The Governments of Saskatchewan and Canada announced on Thursday that they are investing $5.4 million to provide up to $2 an hour increase for Early Childhood Educators (ECEs).

This is in recognition of the important services they provide in supporting families who require child care. Education Minister Dustin Duncan said the investment will assist child care centres in providing improved wages in the recruitment and retention of ECEs.

“Early Childhood Educators provide our youngest learners with quality early learning and the building blocks they need to prepare them for school,” Duncan said in a press release. “This investment helps recognize the hard work these professionals do every day while creating an incentive for new individuals to begin a career as a certified Early Childhood Educator.”

This Wage Enhancement Grant will be funded through the Canada-Saskatchewan Canada-Wide Early Learning and Child Care Agreement, which also supports future ECEs with free post-secondary training, professional development opportunities and many other programs.
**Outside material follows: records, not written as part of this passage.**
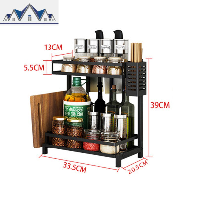 不锈钢厨房置物架调料架子双层桌面台面多功能家用刀架调味品收纳 三维工匠
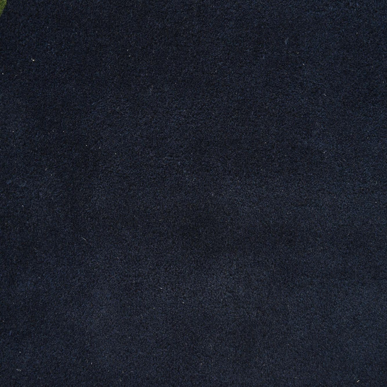 Use this rug to anchor a living area or study where the navy field will tie together upholstered pieces and darker wood tones, or place it beneath a square coffee table to emphasize geometry in a modern or mid-century layout. It also works well in an eclectic bedroom or a home office where the ringed pattern can act as a calm focal point while the brown, blue, and green accents pick up surrounding textiles and artwork.
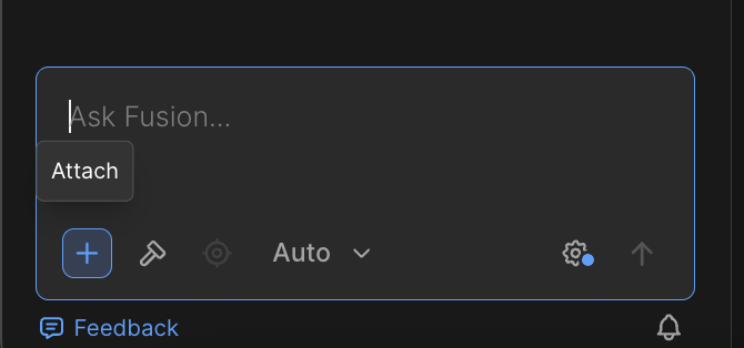 In the Fusion chat, click on the “+“ icon to upload any files you need with a prompt that looks something like - “add this file in my code section“
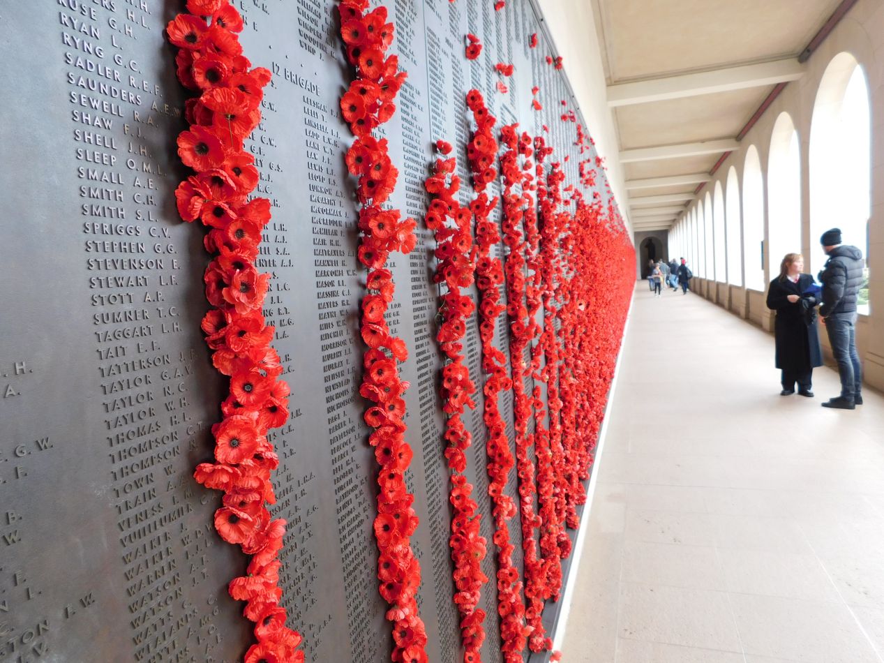 There's a tradition of placing poppies next to the names of the individuals that families and friends wish to honor, and over the years the War Memorial has accumulated thousands upon thousands of the small plastic red flowers. This is not specifically an Australian tradition, as I've seen more general usage of poppies to commemorate the fallen from World War I, but it's a beautiful act of generosity and giving thanks to those who made the ultimate sacrifice nonetheless. The presence of so many poppies created a visually striking series of images, and they were everywhere throughout this part of the memorial.

These all align with the joint federal and provincial commitment to improving quality in the early learning and child care sector and attracting, retaining and growing a strong and skilled workforce of Early Childhood Educators.
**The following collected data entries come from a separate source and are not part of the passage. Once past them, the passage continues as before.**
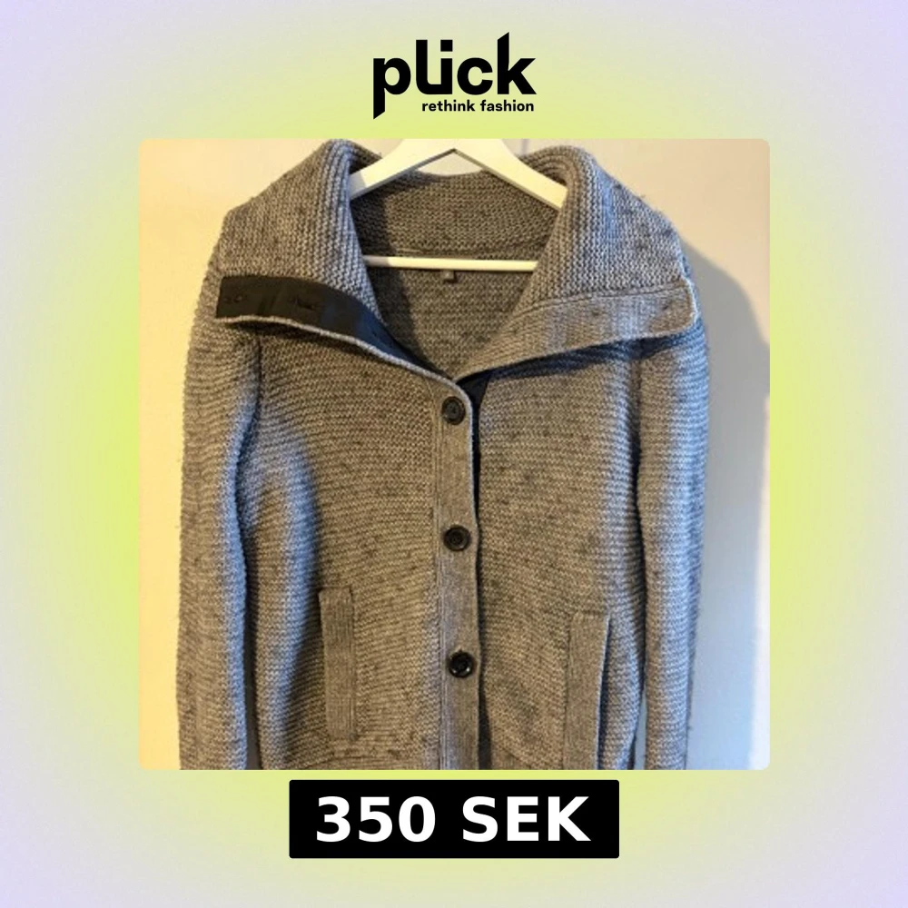 Grå stickad kofta med stora knappar
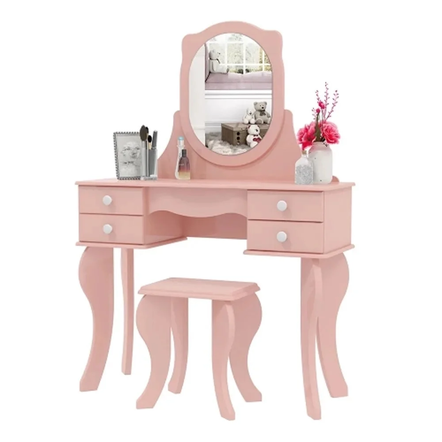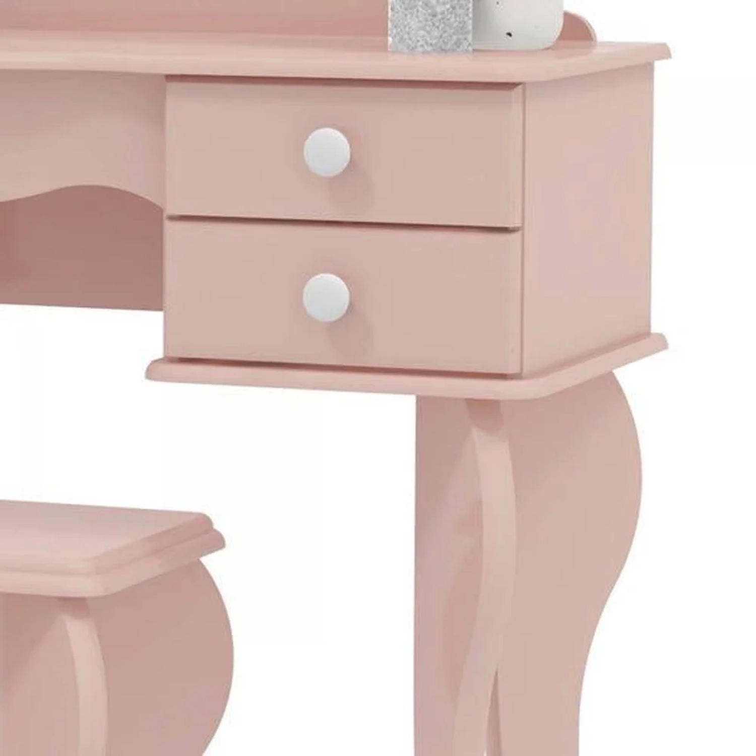 Penteadeira Princesa 04 Gavetas e Banqueta Rosa, dê um toque de charme e elegância com esse lindo modelo de penteadeira da linha Kids Patrimar Móveis excelente para decorar o ambiente e organizar acessórios de maquiagem e cosméticos!
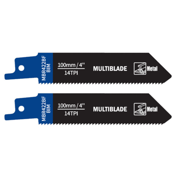 Multiblade reciprozaagblad MBR422BF is geschikt voor het zagen van metaal en heeft een lengte van 100 mm. Het zaagblad is verpakt per 2 stuks en heeft 14 tanden per inch (TPI).
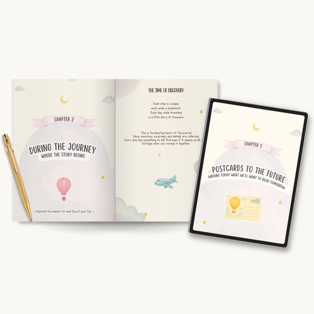 While traveling, Wanderbook becomes your family’s personal storyteller. Guided pages for each day invite you to capture thoughts, emotions, and the little details that make your journey unique.

“Early Childhood Educators are at the very heart of the Canada-wide Early Learning and Child Care system, “Canada’s Minister for Families, Children and Social Development, Karina Gould said. “Today’s announcement in Saskatchewan is another meaningful step toward ensuring the work of these professional educators is valued throughout their lifelong career.”

Gould said certified ECEs understand child development and have the knowledge and skills to deliver a program that meets the needs of individual children and supports their development and building of strong relationships.
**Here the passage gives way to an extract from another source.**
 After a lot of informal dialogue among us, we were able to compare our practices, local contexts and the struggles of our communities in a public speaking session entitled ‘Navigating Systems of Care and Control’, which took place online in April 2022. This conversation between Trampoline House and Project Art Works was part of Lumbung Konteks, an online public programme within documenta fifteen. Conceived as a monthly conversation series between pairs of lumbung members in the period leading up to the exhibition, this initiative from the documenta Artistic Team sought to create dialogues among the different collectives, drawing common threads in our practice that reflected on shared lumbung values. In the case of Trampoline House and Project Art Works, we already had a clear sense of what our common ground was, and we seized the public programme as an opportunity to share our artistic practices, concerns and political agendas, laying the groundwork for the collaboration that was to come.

The investment in wage increases help address the compensation necessities for ECEs. This increase is a step toward the development of the wage grid for ECEs, which the Government of Saskatchewan will implement by the end of 2022-23. Saskatchewan child care centres can expect to receive more information on the ECE wage increase during the last week of September.

“This announcement is a wonderful step to help stabilize the Early Learning and Child Care (ELCC) workforce during these challenging times,” Saskatchewan Early Childhood Association (SECA) Executive Director Georgia Lavallee said.

“Early Childhood Educators are the heart of ELCC and we look forward to continued support and investments into the workforce.”

Providing grants for Early Childhood Educators is just one part of a larger initiative by the Governments of Saskatchewan and Canada to implement a Canada-wide Early Learning and Child Care System. The Canada-Saskatchewan Canada-Wide Early Learning and Child Care Agreement, signed just over a year ago, provides a federal investment of nearly $1.1 billion over five years for regulated early learning and child care programs and services for children under the age of six in Saskatchewan.

With on average 70 per cent child care fee reductions already announced in the province, the goal is to bring down average fees for regulated child care to $10-a-day by the end of March 2026.